Work instructions:
With any pictures left out, restate word for word the lines in the listing below from the one holding "Helios is an" through the last.

Information supplied:
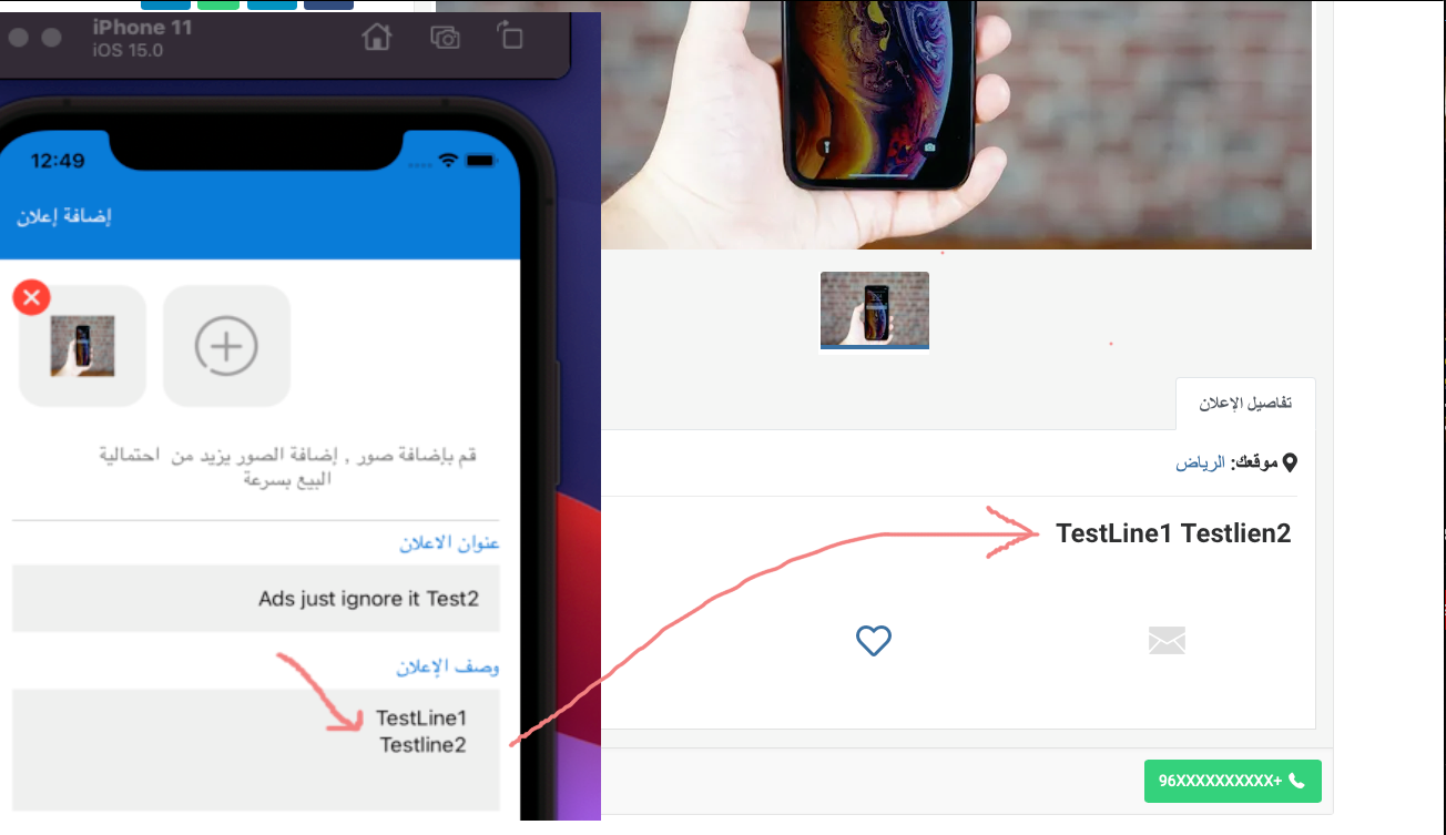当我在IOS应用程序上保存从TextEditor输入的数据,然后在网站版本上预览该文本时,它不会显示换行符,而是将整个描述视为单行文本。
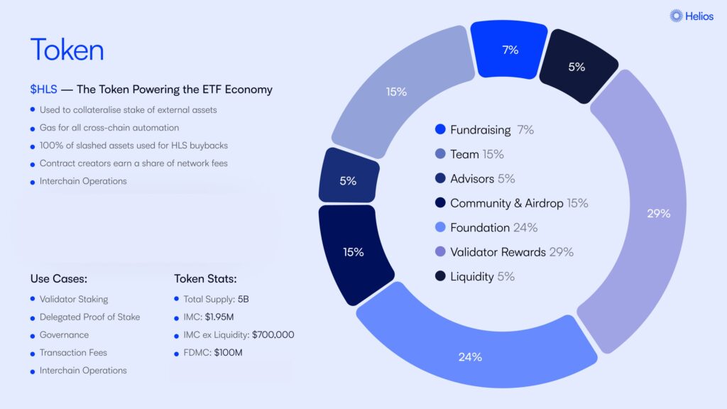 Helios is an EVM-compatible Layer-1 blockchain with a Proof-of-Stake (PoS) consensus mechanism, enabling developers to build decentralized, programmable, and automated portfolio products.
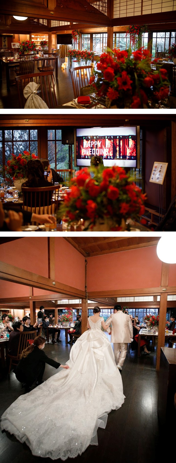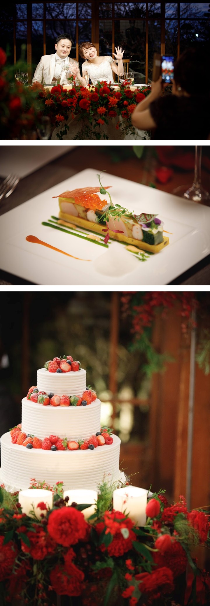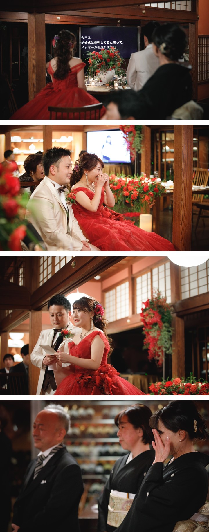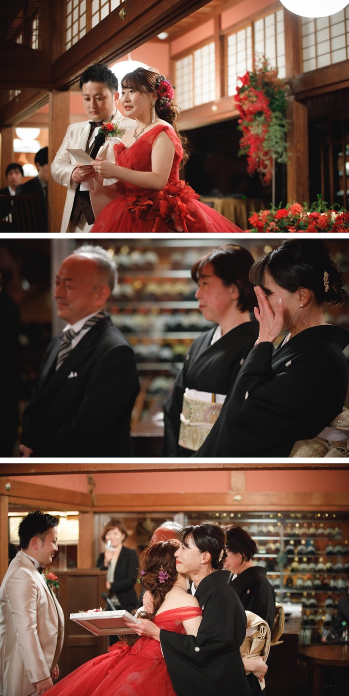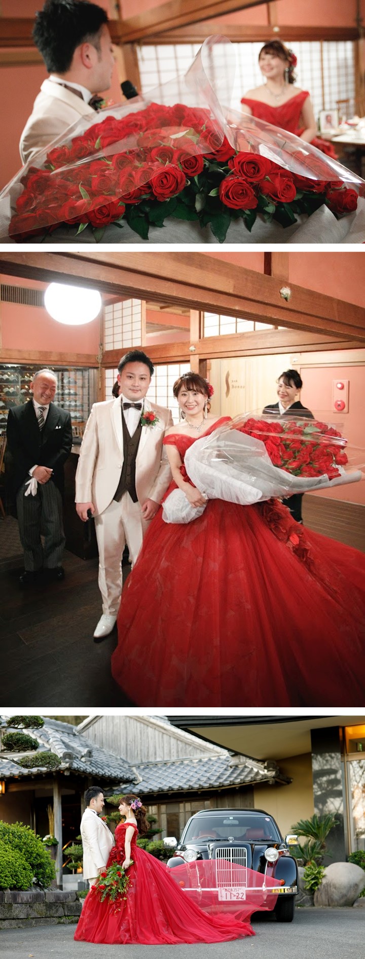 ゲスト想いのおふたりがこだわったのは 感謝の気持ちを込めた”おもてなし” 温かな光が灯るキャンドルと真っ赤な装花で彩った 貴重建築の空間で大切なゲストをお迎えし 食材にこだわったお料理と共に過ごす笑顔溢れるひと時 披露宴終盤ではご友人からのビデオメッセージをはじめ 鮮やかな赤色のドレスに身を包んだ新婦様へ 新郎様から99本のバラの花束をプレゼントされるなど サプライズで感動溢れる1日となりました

Task answer:
 Helios is an EVM-compatible Layer-1 blockchain with a Proof-of-Stake (PoS) consensus mechanism, enabling developers to build decentralized, programmable, and automated portfolio products.
 ゲスト想いのおふたりがこだわったのは 感謝の気持ちを込めた”おもてなし” 温かな光が灯るキャンドルと真っ赤な装花で彩った 貴重建築の空間で大切なゲストをお迎えし 食材にこだわったお料理と共に過ごす笑顔溢れるひと時 披露宴終盤ではご友人からのビデオメッセージをはじめ 鮮やかな赤色のドレスに身を包んだ新婦様へ 新郎様から99本のバラの花束をプレゼントされるなど サプライズで感動溢れる1日となりました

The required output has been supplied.